それから幾度のメカニック部分の改装(車体の基本デザインの変化は行われていない)と需要に合わせた編成両数の増減が行なわれてきた。現在では、 N.S.W州内のみならず州を越えてブリスベン(クイーンズランド州)やメルボルン(ビクトリア州)に向けてシドニーから毎日運行中である。
基本編成は、両端の動力車を含む6〜8両、最高速度は160km/hで運転中である。(写真2参照)

3.XPTの模型について

ちょうど今から1年前の頃。その当時の親会社であったRIVAROSSI社が負債をかかえて経営困難な状況下に一時的であれ陥ってしまい、その影響をモロに受けたLIMA社が発売しているオーストラリア型の鉄道模型車両です。(いつも積極的かつ前向きに製品を創り、販売していたLIMA。ここ最近の Power Downをとても残念に感じる….私です!)
実際このXPTの模型を手に取ると、明らかに実車と異なる顔つきと中間車サイドの様子。(写真3参照)
LIMAにとってはこのXPTは、英国HST125をベースとしたままの単なる塗装変更のバリエーション展開の製品のようです。たしかに本物が英国の HST125を元としているからこのようなお気軽模型でもOKでしょうが、製品登場から20年程。
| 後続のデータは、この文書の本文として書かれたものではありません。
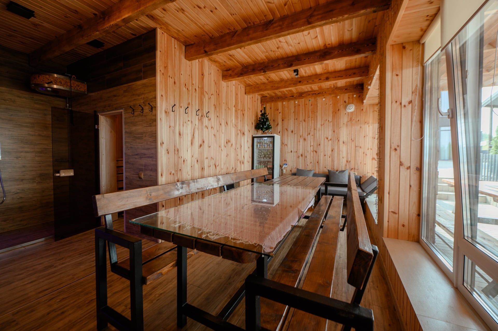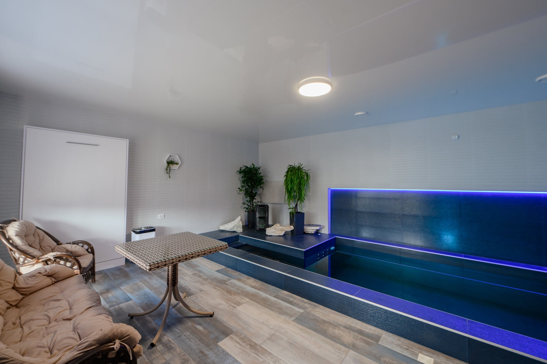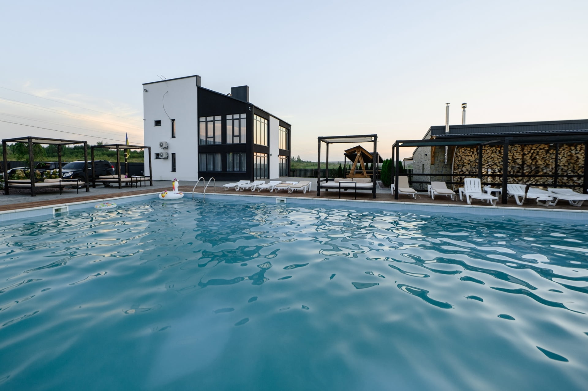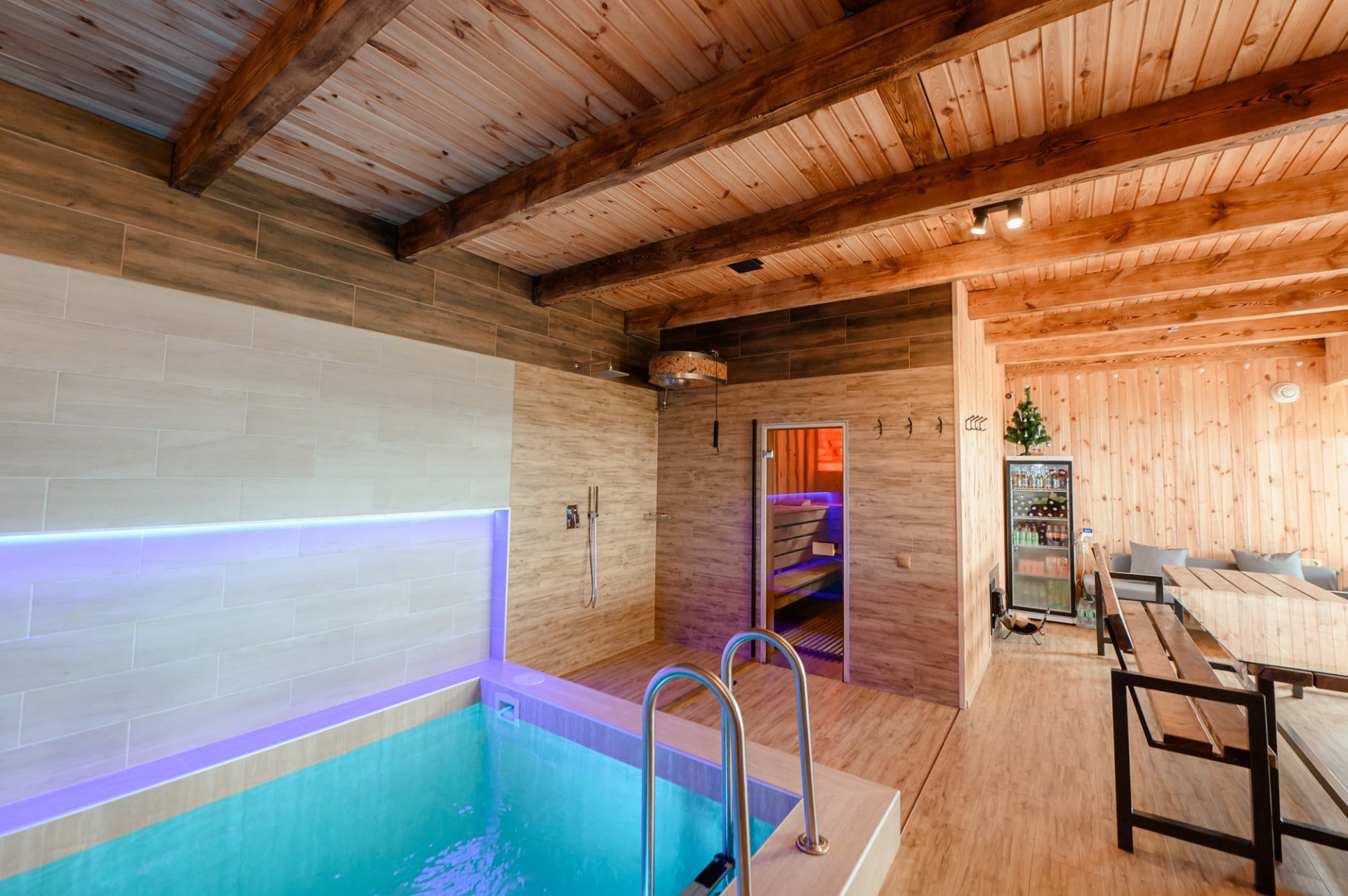 Для любителей спа-отдыха предусмотрена баня на дровах с соляными лампами, холодный бассейн, джакузи и плавучий бассейн с подогревом и волной.

(その間たびたび再生産を繰り返している息の長い製品です。)そろそろXPTのオーストラリアン的独自のお顔の表現をお願いしたいものです。どうやらこのXPT、発売以来いつも同じ塗装で再生産をやってきたようではありません。本物が登場した1982年当時のオレンジ色を基本としたタイプ。
その後の車体外装色の変化時のタイプ。そして現在の動力車のサイドにCOUNTRY LINKと書かれたタイプ。大まかに3種類も製品であるようです。
さてここで大いなる疑問を持ちました。この模型は一体全体本当にHOというスケールの大きさなんでしょうか? 英国HST125をベースとしているんだから、OO(ダブルオー)じゃないの? うるさい模型マニアの方々はどのように解釈しているのでしょうか?
まあ私などオーストラリアの模型がこの世にあるだけで嬉しいス!!(写真4参照)


写真3

写真4

4.模型の発売内容と現地価格について

"Australian LIMA"とこの際表現します。
現在の主力発売元は、FISHER DISCOUNTS店 とTOMS DISCOUNT店のようです。 XPTの販売内容と現地価格は、以下のとおりです。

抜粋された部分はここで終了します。